▶ _Excerpted records_
- Opening Delimiter -
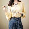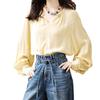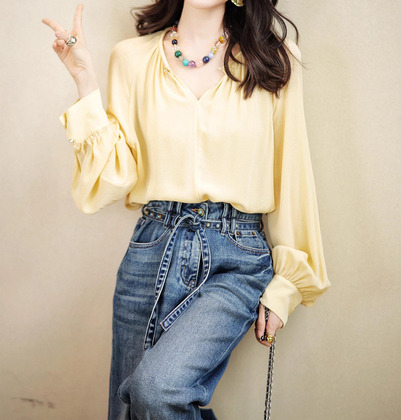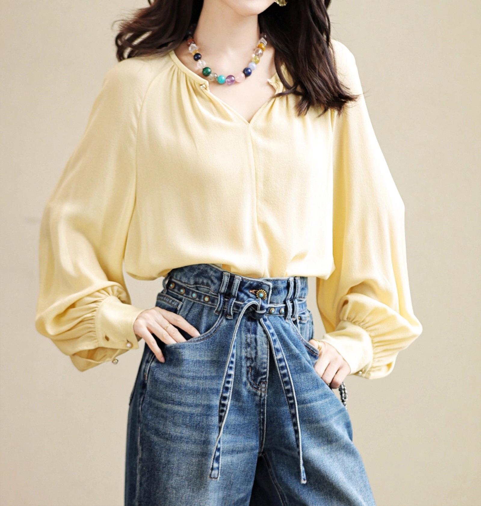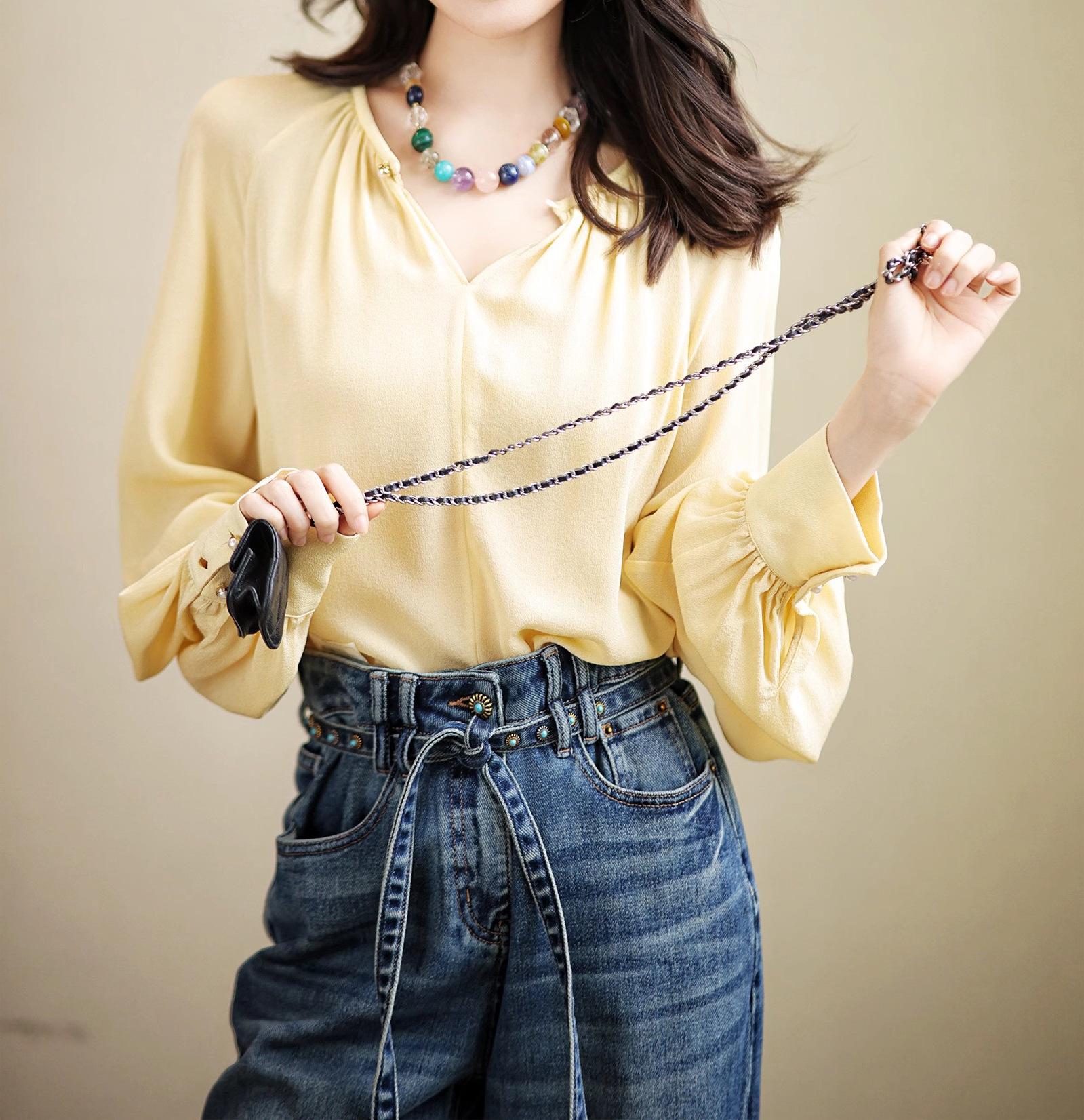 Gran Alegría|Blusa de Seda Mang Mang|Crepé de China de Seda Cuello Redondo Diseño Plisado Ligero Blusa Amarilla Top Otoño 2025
- Closing Delimiter -
- Opening Delimiter -
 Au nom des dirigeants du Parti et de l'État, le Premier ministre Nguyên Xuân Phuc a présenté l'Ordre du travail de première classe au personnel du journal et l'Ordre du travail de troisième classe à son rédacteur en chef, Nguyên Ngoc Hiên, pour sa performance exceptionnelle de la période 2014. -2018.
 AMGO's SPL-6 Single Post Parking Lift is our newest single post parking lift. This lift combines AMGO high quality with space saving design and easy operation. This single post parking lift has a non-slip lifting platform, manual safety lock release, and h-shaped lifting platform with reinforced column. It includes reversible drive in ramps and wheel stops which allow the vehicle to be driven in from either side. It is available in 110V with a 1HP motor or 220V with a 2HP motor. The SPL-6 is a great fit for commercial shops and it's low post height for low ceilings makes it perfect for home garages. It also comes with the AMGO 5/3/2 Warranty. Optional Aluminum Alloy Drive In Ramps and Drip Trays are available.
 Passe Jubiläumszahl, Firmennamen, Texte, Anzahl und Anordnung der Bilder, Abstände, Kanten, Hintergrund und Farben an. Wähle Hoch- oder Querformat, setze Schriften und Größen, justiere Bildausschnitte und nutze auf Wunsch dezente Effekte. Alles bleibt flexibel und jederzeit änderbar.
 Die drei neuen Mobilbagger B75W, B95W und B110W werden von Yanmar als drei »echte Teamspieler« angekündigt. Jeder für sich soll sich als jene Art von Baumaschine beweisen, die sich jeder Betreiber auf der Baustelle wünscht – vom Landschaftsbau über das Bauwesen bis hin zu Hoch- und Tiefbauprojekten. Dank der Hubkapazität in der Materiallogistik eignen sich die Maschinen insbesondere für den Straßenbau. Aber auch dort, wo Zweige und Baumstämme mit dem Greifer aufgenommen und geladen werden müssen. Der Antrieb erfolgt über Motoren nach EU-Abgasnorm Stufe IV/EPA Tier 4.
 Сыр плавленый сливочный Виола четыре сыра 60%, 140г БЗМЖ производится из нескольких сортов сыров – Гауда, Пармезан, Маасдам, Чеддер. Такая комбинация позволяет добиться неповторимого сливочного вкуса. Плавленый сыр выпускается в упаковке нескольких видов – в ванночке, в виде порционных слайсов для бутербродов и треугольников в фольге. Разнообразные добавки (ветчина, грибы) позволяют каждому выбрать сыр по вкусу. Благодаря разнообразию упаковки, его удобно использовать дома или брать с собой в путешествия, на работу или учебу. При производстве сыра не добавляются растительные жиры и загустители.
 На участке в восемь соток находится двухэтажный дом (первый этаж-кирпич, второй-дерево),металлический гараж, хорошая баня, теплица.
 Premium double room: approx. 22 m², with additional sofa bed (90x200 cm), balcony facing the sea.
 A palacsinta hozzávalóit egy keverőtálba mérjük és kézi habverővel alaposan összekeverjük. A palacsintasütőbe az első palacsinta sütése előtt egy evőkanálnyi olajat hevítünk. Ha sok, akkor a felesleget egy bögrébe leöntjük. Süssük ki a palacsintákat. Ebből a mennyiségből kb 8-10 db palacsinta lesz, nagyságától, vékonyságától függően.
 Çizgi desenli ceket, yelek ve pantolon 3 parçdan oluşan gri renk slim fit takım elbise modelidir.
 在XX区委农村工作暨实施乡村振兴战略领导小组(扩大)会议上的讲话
- Closing Delimiter -
▶ _Task instructions_
Using the entries above, extract exactly the span from the line with "Premium double room: approx." to the line with "在XX区委农村工作暨实施乡村振兴战略领导小组(扩大)会议上的讲话", both lines included; leave out everything else.

▶ _Expected output_
 Premium double room: approx. 22 m², with additional sofa bed (90x200 cm), balcony facing the sea.
 A palacsinta hozzávalóit egy keverőtálba mérjük és kézi habverővel alaposan összekeverjük. A palacsintasütőbe az első palacsinta sütése előtt egy evőkanálnyi olajat hevítünk. Ha sok, akkor a felesleget egy bögrébe leöntjük. Süssük ki a palacsintákat. Ebből a mennyiségből kb 8-10 db palacsinta lesz, nagyságától, vékonyságától függően.
 Çizgi desenli ceket, yelek ve pantolon 3 parçdan oluşan gri renk slim fit takım elbise modelidir.
 在XX区委农村工作暨实施乡村振兴战略领导小组(扩大)会议上的讲话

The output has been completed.